In the Kurdish areas of Syria, concern after the re-election of Erdogan

In the aftermath of the re-election of Turkish President Recep Tayyip Erdogan, who regularly threatens to attack areas under Kurdish administration in northern Syria, concern prevails on Monday at the Qamichli market.

“As Kurds, we didn’t want Erdogan to be re-elected,” says Hozan Abu Bakr, owner of a clothing store in Kurdish who talks to his neighbors about the repercussions of the election in Turkey.

A fifth of the population

“We wanted Kemal Kiliçdaroglu [le candidat de l’opposition]not because he is better, but because he had allied himself with the Kurds and he is perhaps not as bad as Erdogan”, adds this 30-year-old man.

The Kurds in Turkey, about a fifth of the country’s 85 million inhabitants, voted mainly in favor of Kemal Kiliçdaroglu, the leader of the Republican People’s Party (CHP, social democrat), beaten by Erdogan on Sunday.

Throughout the electoral campaign, the incumbent president continued to attack his rival calling him a “terrorist”, because of the support given to him by officials of the pro-Kurdish HDP party.

Erdogan steps up offensives against Kurds

People without a state, the Kurds are divided between Turkey, Iraq, Syria and Iran. Thanks to the war in Syria, they established an autonomous administration in large areas of the north and north-east of that country.

But they are worried that the Turkish president will carry out his repeated threats to attack these Kurdish areas, and also fear a rapprochement between Damascus and Ankara for which they would pay the price.

Turkey has launched three offensives on Syrian soil since 2016 against Kurdish forces in the north, which have allowed it to control a border strip 120 kilometers long on the Syrian side. Ankara also carried out a campaign of raids against Kurdish fighters in northern Syria in November and threatened a ground offensive.
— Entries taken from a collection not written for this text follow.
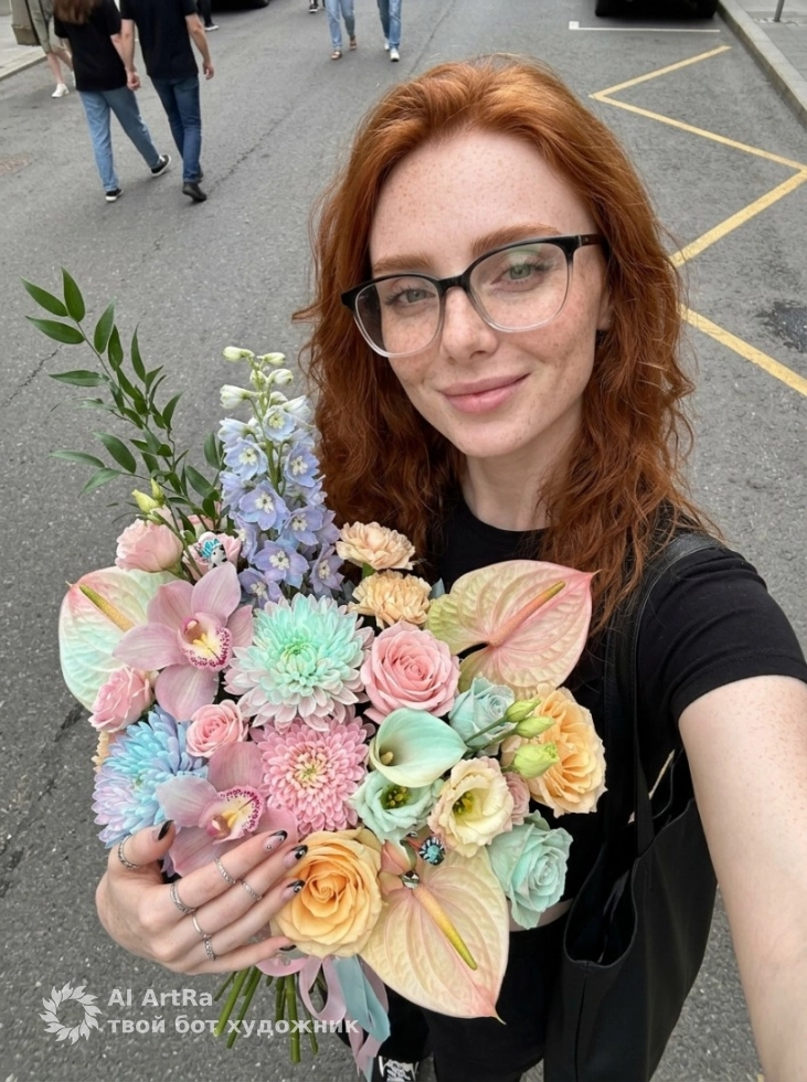 Вдохновляйтесь своей креативностью и создавайте уникальные фотосессии с помощью нашего сервиса ARTRA! Представьте себе эффектный кадр, где вы стоите в городской среде с большим букетом прекрасных цветов. Наша технологическая платформа позволяет вам воссоздать подобные образы, делая ваш контент в соцсетях еще более привлекательным и профессиональным.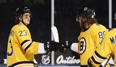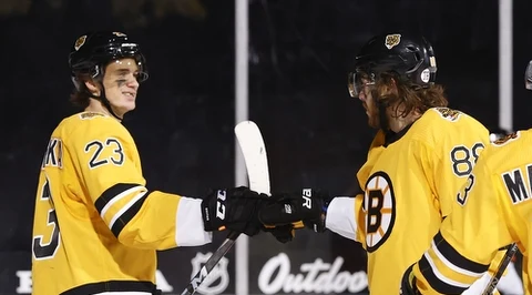NHL. Hat-trick Davida Pastrnaka pod gołym niebem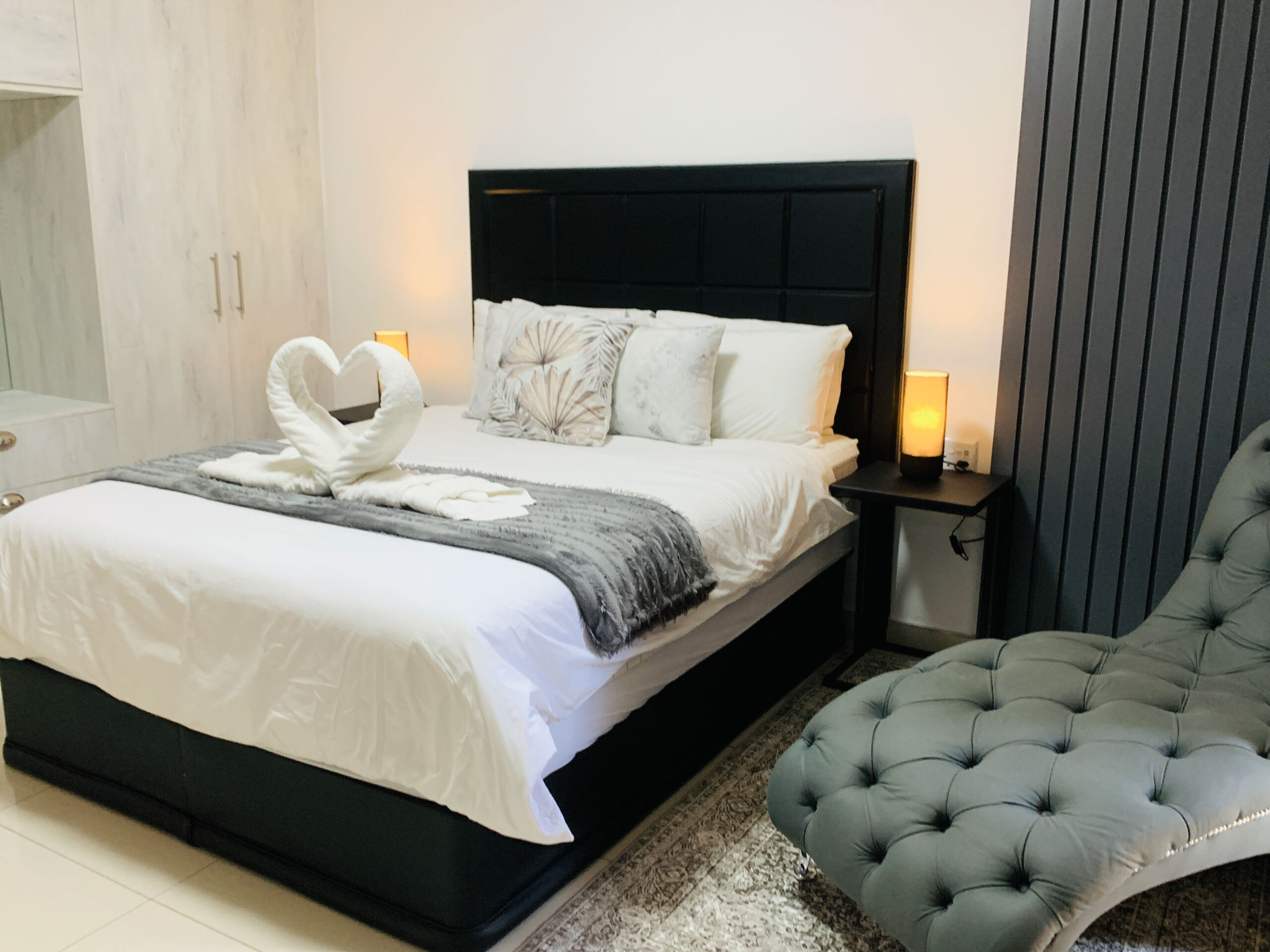 Our studio apartment is perfect for young professionals or the seasoned travelers. Intimate by design and home to a kitchenette equipped with a fridge, microwave, crockery and assorted cutlery, we’ve also equipped it with a queen-sized bed and a flat screen LED TV which can easily be linked to your laptop or cellphone for seamless media integration. The Bar and shared swimming pool are in close proximity while a view of the garden ahead completes the aesthetic.

A Turkish-Syrian rapprochement?

“Erdogan’s victory is undoubtedly a negative development for the Kurds, especially in Syria,” analyst Mutlu Civiroglu, a specialist in the Kurdish question, told AFP. According to him, the Syrian Kurds will face “more drone attacks and the rise of Syrian armed groups supported by Turkey”.
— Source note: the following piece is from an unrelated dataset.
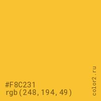 Цвет #F8C231 в цветовой модели RGB обозначается тремя октетами (248, 194, 49) в десятичном формате и #F8C231 в шестнадцатиричном (hex) формате, которые являются интенсивностью красного 248 (hex F8), интенсивность зелёного 194 (hex C2) и интенсивность синего 49 (hex 31).

Erdogan has tried in recent months to get closer to his Syrian counterpart Bashar al-Assad, in particular thanks to Russian mediation, which, according to the analyst, constitutes “another concern for the Syrian Kurds”.

“We cannot predict Erdogan’s actions, but any rapprochement between him and Bashar al-Assad will be at the expense of the Kurds,” Saleh Muslim, who co-chairs the PYD, told AFP.